Сейчас Саня не улыбался. И, очевидно, был настроен решительно. Кирилюка он легко отодвинул в сторону и направился к гаражу. Отворив калитку, вошел внутрь.

– Слышишь, Боря! – кликнул Кирилюк одного из шоферов, что поздоровее, и другого: – Толик! Пойдемте-ка!

Мужики поняли, что-то назревает, и приосанились. Вслед за Кирилюком двинулись к гаражу.

– Какая-то у них непруха, – сделал вывод Вовочка. – Добычу не поделили, что ли?

– А правда, что это они все такие напряженные? – тревожно спросила Света.

– Ты что скажешь? – спросил Вовочка меня, как человека, побывавшего в гараже.

– Скажу, шерше ля фам! – ответил я.

– Почему «шерше ля фам»? – не понял Вовочка.

– Потому что се ля ви, – объяснил ему. К сожалению, это были единственные две фразы, которые я знал по-французски. Растолковать прилюдно, почему «ля фам», я мог бы так: Сидоров сказал, что некий «он» не заявит, а некая «она», дескать, может. Значит, женщина определенно присутствует в «непрухе», как выразился Вовочка. А Лозовой, похоже, вляпался. Правда, непонятно пока во что. Судя по всему, вынужден был схватиться за нож. Горские страсти какие-то просто!.. Мог бы так сказать, но не стал. Зачем демонстрировать собственные большие уши и длинный язык? В пионерском лагере было хорошо – барабанщиков и горнистов все знали в лицо. А кто в институте стучит, пойди, догадайся! Скажут, что грею уши да развожу сплетни.

Сашка через некоторое время вышел из гаража. Следом за ним – шофера, Кирилюк и Матвеич. Матвеич, обойдя Кирилюка и шоферов, попытался взять «оруженосца» под руку, что-то тихонько втолковать, но тот отдернул руку и резко пошел к арке. Но на полпути остановился, обернулся и сказал резко:

– Не хочу с вами свару затевать, Матвеич. Вы не при делах. А Лозовому вашему я за сестру яйца отрежу! Можешь так ему и передать!..

Сашка вышел через арочные ворота, на которые Кирилюк прежде не успел повесить замок, зато повесил теперь. Будто не исключал, что Сашка может вернуться, чтобы и впрямь выполнить свою угрозу.
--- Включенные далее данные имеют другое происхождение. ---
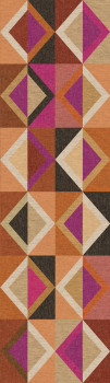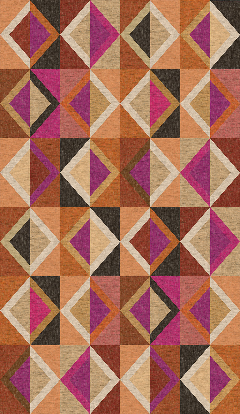 Geometrische Vliestapete, grobe Stoffstruktur, Braun-, Lila-, Orange- und Beigetöne.
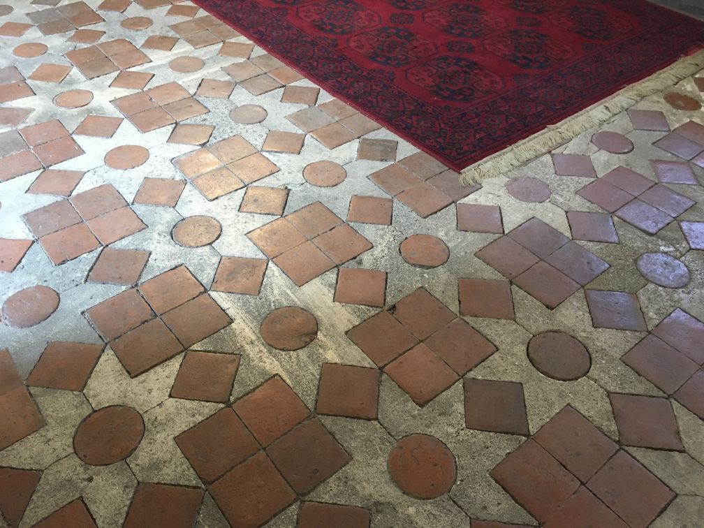 The floor is also simple with terra cotta tiles and cement vs. marble and granite in the church.

Кирилюк, Матвеич и шофера встали в кружок и некоторое время курили, обсуждая происшествие, очевидно. После Матвеич вернулся в гараж – может, «барям» что угодно? А Кирилюк обратил внимание на нас.

– Вы вот что, – сказал он, подойдя ближе. – Свободны на сегодня. И не болтайте о том, что видели-слышали. Все понятно?

Кирилюк утопал. Мы примолкли, не веря в свалившееся на нас счастье.

– Давайте пойдем на пляж, – предложила Света. Август нынче стоял! Жарче иного июля.

– Так это нас отпустили, а не тебя. – Я устремил красноречивый взгляд в сторону строящегося нового корпуса.

– Я слиняю, – заверила Света. – Сейчас комнату вымету только.

– Клевая идея! – оценил Вождь Краснокожих. – Винишка прикупим.

Меня идея отправиться со Светой на пляж воодушевила, конечно. Вот только бы без Вовочки как-нибудь…

– Я сестру позову еще, – сообщила Света деловито. – Она старше меня, но компанейская чувиха.

 

«Для Володи», – хотелось добавить мне, но вслух произнес:

– Прекрасно!

Договорились встретиться с девушками в полдень на пляже у Гребного канала, возле будки с мороженым. Мы с Вовочкой условились пораньше состыковаться у гастронома на Минина, чтобы закупить вина.

Взяли две бутылки сухого белого. Вовочка с видом знатока заверил, для пляжа самое то. Я, признаться, никогда прежде не пил вино на солнцепеке, поэтому не нашелся, что возразить. Может, он и прав, подумал. Мне было известно только, что теплую водку следует пить из мыльницы. Поручику Ржевскому нравилось, герою анекдотов.

Пока мы с Вовочкой спускались по Чкаловской лестнице, он изложил мне свой дальнейший план:

– После пляжа можно будет ко мне двинуть. У меня хата сегодня свободная, предки на дачу свалили.

– Давай сначала на сестру посмотрим. Вдруг она страшнее атомной войны? Как тогда Светку делить будем?

Вовочка счел мое замечание разумным.

Будок с мороженым на пляже оказалось две, одна от другой далековато. Возле ближайшей к нам Светы не оказалось. Вовочка всмотрелся и углядел:

– Вон она, там, возле той будки стоит. Не одна. Сестру, стало быть, уболтала.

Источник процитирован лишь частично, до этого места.